O Tośku usłyszał Maciej Zimiński, mój nauczyciel. Był wtedy szefem telewizyjnej redakcji programów dziecięcych. To on wymyślił ,,Niewidzialną rękę". Wysłał do Gorlic dziennikarza, żeby zrobił materiał o Tośku - jedynym odtajnionym uczestniku w dwudziestopięcioletniej historii Niewidzialnej Ręki. Kiedy dziennikarz dzwonił do drzwi, Tosiek poprosił matkę, by ta zwlekała z otwarciem. Zeszli się sąsiedzi. Radzili dziennikarzowi, by napiętnował ,,tę patologię". Tosiek otworzył, dziennikarz włączył kamerę i powiedział tak: przed państwem Tosiek, bohater. 

 
Wiele lat później do Antoniego zadzwonił telefon. Pan Wojciech, rówieśnik Antoniego opowiedział o swojej rodzinie - o żonie, dzieciach, o ukończonej Politechnice, o tym jak lubią spędzać wakacje.  

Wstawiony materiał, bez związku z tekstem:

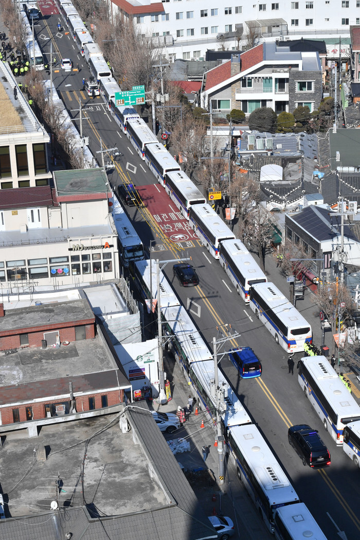 A Ministry of Justice vehicle (blue) carrying arrested President Yoon Suk Yeol drives en route to the Constitutional Court in Seoul on Jan. 23, 2025, as Yoon will attend the fourth hearing of his impeachment trial for his short-lived imposition of martial law in December. (Yonhap)

- Byłem jednym z nich - powiedział: - Pan mi, Tośku, życie uratował. 


Dlaczego opowiadam tę historię? Ażeby upewnić Was, że drobne gesty życzliwości naprawdę zmienią świat.  

Bo gdyby ktoś nie zgrabił liści, a nasz bohater nie zobaczyłby tego w telewizji, to być może nie napisałby listów. Gdyby nie napisał listów, dzieci z Szymbarku nie miałyby wakacji, nie zostałyby pokochane, a pan Wojciech nie skończyłby Politechniki. 

Tak sobie też myślę, że skoro jedenastolatek mógł odmieć życie czterdzieściorga dzieci, to co dopiero moglibyście zrobić Wy?